══ DATA SHOWN ══

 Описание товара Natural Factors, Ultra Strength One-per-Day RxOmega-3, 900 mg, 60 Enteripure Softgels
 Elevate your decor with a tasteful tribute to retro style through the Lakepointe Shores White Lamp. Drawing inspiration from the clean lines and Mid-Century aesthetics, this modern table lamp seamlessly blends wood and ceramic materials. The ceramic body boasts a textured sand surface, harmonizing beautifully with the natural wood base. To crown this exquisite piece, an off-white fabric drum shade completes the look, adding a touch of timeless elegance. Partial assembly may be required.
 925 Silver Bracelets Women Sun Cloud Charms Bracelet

═══
══ DATA SHOWN ══

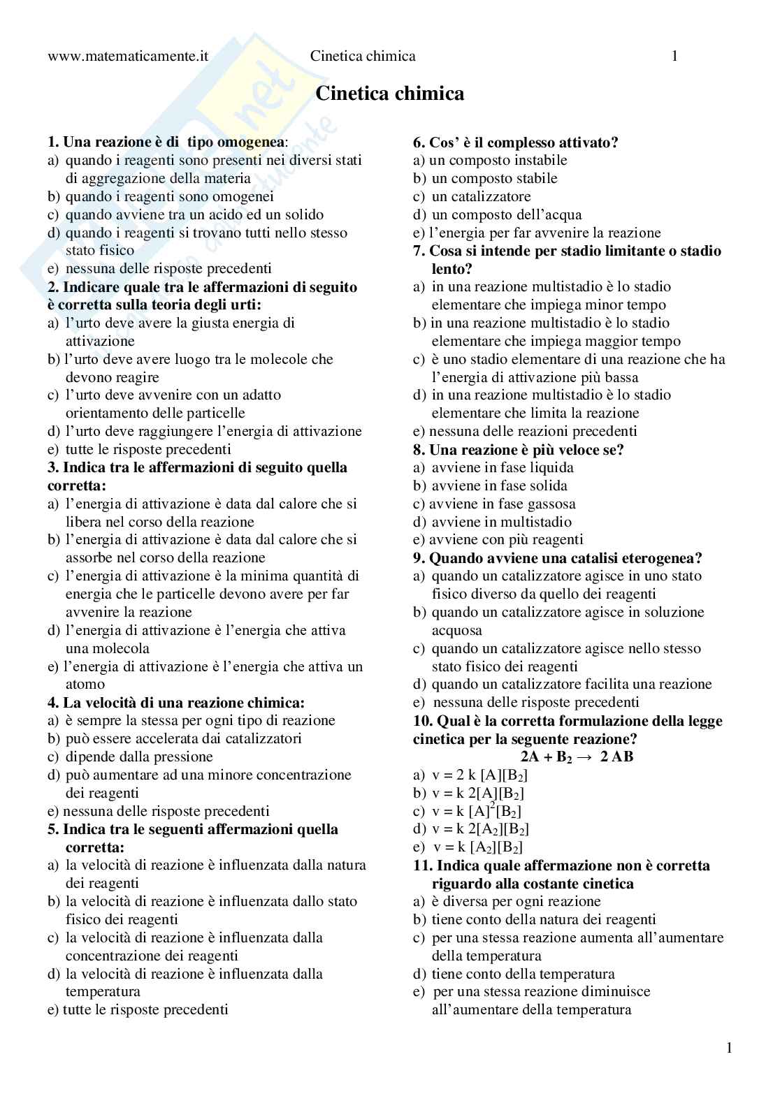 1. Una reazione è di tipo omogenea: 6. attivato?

═══
══ DATA SHOWN ══

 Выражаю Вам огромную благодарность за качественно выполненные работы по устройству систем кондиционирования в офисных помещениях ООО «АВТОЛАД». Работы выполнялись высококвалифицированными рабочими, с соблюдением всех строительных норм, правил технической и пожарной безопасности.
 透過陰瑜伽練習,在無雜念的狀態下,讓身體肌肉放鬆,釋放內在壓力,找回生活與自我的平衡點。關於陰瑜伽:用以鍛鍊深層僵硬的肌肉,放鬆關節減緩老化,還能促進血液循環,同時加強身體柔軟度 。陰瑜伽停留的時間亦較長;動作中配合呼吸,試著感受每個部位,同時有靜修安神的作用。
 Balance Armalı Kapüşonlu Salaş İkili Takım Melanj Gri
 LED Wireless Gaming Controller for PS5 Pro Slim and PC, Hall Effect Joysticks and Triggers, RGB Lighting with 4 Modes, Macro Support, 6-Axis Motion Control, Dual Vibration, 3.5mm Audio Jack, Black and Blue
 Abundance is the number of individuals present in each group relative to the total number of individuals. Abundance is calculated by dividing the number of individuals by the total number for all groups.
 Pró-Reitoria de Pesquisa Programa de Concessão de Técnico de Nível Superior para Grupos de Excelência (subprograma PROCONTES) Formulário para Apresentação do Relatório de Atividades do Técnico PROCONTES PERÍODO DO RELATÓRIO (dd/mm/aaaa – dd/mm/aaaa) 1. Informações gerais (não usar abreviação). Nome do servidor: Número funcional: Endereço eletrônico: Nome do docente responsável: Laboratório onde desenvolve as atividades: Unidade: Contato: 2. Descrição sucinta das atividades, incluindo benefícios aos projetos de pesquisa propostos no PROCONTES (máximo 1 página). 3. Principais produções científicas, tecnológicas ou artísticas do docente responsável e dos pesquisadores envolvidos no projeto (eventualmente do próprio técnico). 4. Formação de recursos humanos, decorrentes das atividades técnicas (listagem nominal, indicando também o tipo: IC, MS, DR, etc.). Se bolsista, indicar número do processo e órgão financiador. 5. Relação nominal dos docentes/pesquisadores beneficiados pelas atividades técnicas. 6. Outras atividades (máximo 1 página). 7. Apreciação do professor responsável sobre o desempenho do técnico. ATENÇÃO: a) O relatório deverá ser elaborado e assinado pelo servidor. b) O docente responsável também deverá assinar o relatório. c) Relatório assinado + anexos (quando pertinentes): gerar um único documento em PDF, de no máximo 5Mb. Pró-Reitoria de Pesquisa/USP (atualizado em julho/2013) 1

═══

# YOUR INSTRUCTIONS
Above this instruction are the records; retype exactly the lines from the one containing "Описание товара Natural" up to and including the one containing "Elevate your decor".

# REPLY
 Описание товара Natural Factors, Ultra Strength One-per-Day RxOmega-3, 900 mg, 60 Enteripure Softgels
 Elevate your decor with a tasteful tribute to retro style through the Lakepointe Shores White Lamp. Drawing inspiration from the clean lines and Mid-Century aesthetics, this modern table lamp seamlessly blends wood and ceramic materials. The ceramic body boasts a textured sand surface, harmonizing beautifully with the natural wood base. To crown this exquisite piece, an off-white fabric drum shade completes the look, adding a touch of timeless elegance. Partial assembly may be required.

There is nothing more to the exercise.